This repository provides the RLC index, a reachability index for processing graph queries with a concatenation of edge labels under the Kleene operator.
For the technical details about the RLC index, please refer to our technical report: https://arxiv.org/abs/2203.08606
core is an implementation of the RLC index.
demo shows a simple demonstration of building and querying the RLC index.

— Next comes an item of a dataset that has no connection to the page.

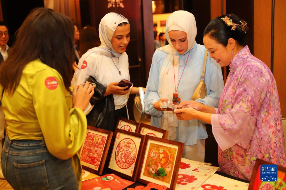11月19日,在埃及開(kāi)羅舉行的粵港澳大灣區世界級旅游目的地推介暨“魅力廣東”視覺(jué)展上,人們在非遺展區了解剪紙。

benchmark contains the source code of the experiments in the technical report.
- Clone the project.
- Execute
mvn clean package
.
In the rest of this section, suppose that we are in benchmark/
-
Download the rlc-benchmarks.tar.gz file (2.89GB) contains the datasets and workloads used in the experiments of the technical report.
-
Execute
tar -czvf rlc-benchmarks.tar.gz
. -
benchmark/benchmarks
contains the datasets and workloads. Please see the technical report for their details. -
configurations contains JSON files for configuring the performance test. For example, real-graphs-indexing.json is used to configure the experiments of indexing time and index size, and real-graphs-querying.json is for the experiments of querying time. The default parameters in the configuration files skip the large datasets. To include them in the test, remove the corresponding values under the 'skippedGraphNames' entry in JSON files. Before doing this, please ensure that there is enough memory, e.g., at least 32GB for the dataset '08-soc-pokec-relationships', '09-wiki-topcats', and '10-wiki-Talk', or at least 80GB for the dataset '11-sx-stackoverflow', '12-soc-LiveJournal1-50', and '13-wikipedia_link_fr-25'.
-
Execute
nohup java -Xms16g -Xmx16g -cp target/benchmark-1.0-SNAPSHOT.jar org.jrpq.rlci.benchamrk.App &
to start the performance test. Increase the memory when the large datasets are included. Building the extended transitive closure can take around 30 minutes for the smallest dataset in the benchmarks and cannot finish in 24 hours for the other datasets. To skip the extended transitive closure in the test, remove 'Etc' under the 'method' entry in the configuration files. -
The benchmark results are available under the directory
benchmark/benchmark-results
, which contains sub-directories with results of different tests.